Probabilities

He wanted to know more, despite the complexity of the subject.

He would have to describe himself as a layman who wanted to know more about the financial services industry. With this in mind, he attended a free information seminar. During this two-hour evening, devoted to making money from investments and the workings of the stock exchange, there were repeated references to the Longfrost-Bunsworth Principle of Statistical Probability. Despite it being generally accepted that any one chance event will have no bearing on any future chance events, the Longfrost-Bunsworth Principle shows that the outcome of a random event can offer a degree of predictability when working with a small example.
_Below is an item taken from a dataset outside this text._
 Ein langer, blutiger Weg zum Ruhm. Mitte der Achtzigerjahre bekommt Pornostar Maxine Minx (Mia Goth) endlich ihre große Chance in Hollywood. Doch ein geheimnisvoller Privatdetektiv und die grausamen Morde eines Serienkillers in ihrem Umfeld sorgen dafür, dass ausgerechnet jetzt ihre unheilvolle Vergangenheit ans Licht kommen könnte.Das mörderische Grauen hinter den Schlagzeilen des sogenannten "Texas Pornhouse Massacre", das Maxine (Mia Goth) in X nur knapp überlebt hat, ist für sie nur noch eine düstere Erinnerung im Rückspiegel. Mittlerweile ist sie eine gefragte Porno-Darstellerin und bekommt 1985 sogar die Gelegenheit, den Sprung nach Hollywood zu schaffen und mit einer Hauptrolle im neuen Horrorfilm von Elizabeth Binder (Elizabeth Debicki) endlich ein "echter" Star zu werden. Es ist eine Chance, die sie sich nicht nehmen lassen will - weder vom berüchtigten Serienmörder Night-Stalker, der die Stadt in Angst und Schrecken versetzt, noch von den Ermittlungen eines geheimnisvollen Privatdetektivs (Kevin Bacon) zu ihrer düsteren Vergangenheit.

As interesting as it was to see graphs and tables based on this principle, there was no information given about who Longfrost and Bunsworth were.
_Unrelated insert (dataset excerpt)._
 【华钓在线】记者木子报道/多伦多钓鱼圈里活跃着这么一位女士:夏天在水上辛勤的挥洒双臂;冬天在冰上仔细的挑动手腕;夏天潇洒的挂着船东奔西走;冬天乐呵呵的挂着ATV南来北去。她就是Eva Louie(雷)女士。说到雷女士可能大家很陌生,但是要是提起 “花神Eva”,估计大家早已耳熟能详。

Later that same evening, while it was all still fresh in his mind, he sat down at his computer. It turned out that Reginald Longfrost was the owner of a large ice-cream factory that is still a thriving business that he built up virtually from scratch, while Arthur Bunsworth, who inherited a chain of bakeries when his father died, and has since expanded the business with more shops opened in several other towns around the country.

Although it wasn’t clear how these two wealthy men came up with the principle in question, there were a number of versions concerning this. The majority had it that it was discussed and developed late one evening aboard Bunsworth’s yacht, the ‘Unlikely’. It is said that Bunsworth and Longfrost had spent the greater part of one particular evening playing poker, when a conversation was struck up that dealt with statistical probabilities. It is reported that after finishing off a bottle of Cherry Brandy, the two men scribbled down the said principle, using several coasters.

However, despite being a layman and having little or no specialised knowledge concerning such things, he couldn’t help thinking that the possibility of these two inebriated men could actually discover this principle was highly unlikely.

Unless, of course, one applied the Longfrost-Bunsworth Principle of Statistical Probability.